Sam turned to her. “Do we really want to do this?” he asked.

She examined the brochures: the smiling multiethnic students, the swaths of Frisbee-strewn green campuses, the spires of Manhattan skyscrapers, graduates clutching diplomas underneath hanging scales of justice. She checked out the publishing newsletters with their photographs of newly minted editors, stuffed bookshelves rising to the ceilings of charming offices, cubicles overrun by teetering columns of manuscripts. She shook her head. “No.”

“Me neither.”

“Your parents …?”

“They want me to be happy.” He picked up a sheet, which listed lawyers’ starting salaries, a first-year fortune that would sustain, for a decade, an extended family in rural Maine.

“Ursula?” he asked.

“Not an issue. She’s already given up on me.” Annie studied the chart of salaries. “I don’t want to live in New York.”

“Me neither.”

“Or Boston,” she continued.

He groaned. “Or, God forbid, somewhere out west.”

She pushed aside the sheaf of papers. “Would it be childish and unambitious of me, not to mention a waste of a good education, to say that I want to go home?”

“Woo-hoo!” he yelped, causing a shush from somewhere over by Biographies. He grabbed her. He kissed her forehead, her cheeks, her lips.

“Funny that some people can’t wait to get away. But for us …” she said.

“We’re homebodies,” he finished. “Two of a kind. How amazing that we found each other.”

“Amazing,” she echoed. She turned serious. “But what will we do when we go back to Passamaquoddy?”

He scraped his chair around so he was facing her. Their knees touched. He took her hands in his. He beamed his irresistible-Sam grin. “The most important thing is having decided where we’re going to spend the rest of our lives. I have utter faith that everything will turn out okay.”

Because for Sam, it always did.

Once upon a time. Before the shadow on her lungs started to cast its shadow on him, on both of them, on AnnieandSam.

Back then, she tried to believe him, tried not to counteract his good humor, his trust in the future, tried not to play the pessimist to his Pangloss-like certainty that all would be fine in this best of all possible worlds.

“What’s more, we don’t have to decide everything this minute,” he added.

She refrained from pointing out that they were seniors in college, that they were returning to a town in Maine hit by a depressed economy. That they were liberal arts majors, trained for nothing but careful reading and enlightened thinking and composing a strong intellectual argument headed by topic sentences and anchored by footnotes.
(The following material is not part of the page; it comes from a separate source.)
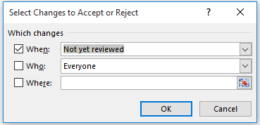 Review >> Changes >> Accept / Reject Changes ünvanına gedərək müvafiq dialoq qutusunu açırıq.
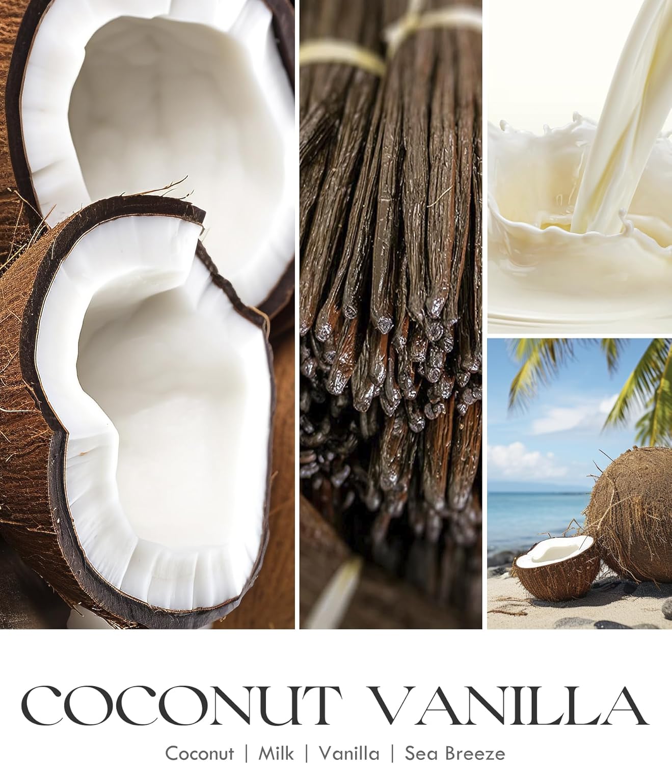 Pleasant scent, but don’t expect the room to be filled with either a vanilla or coconut scent.

Sam changed the subject. “Talked to my mom last night,” he confided.

“And …?”

“She sends her best to you.”

“Very nice.”

“She filled me in on the gossip, who died, who was arrested for a DUI, who gave the biggest donation toward a stained-glass window for the temple. Betty and George Grismisch, if you want to know.” He laughed. “Then there’s Evelyn Benoit’s new home entertainment system …”

Why was he yakking about such things when their prospects felt so precarious—at least to her? “Sam!”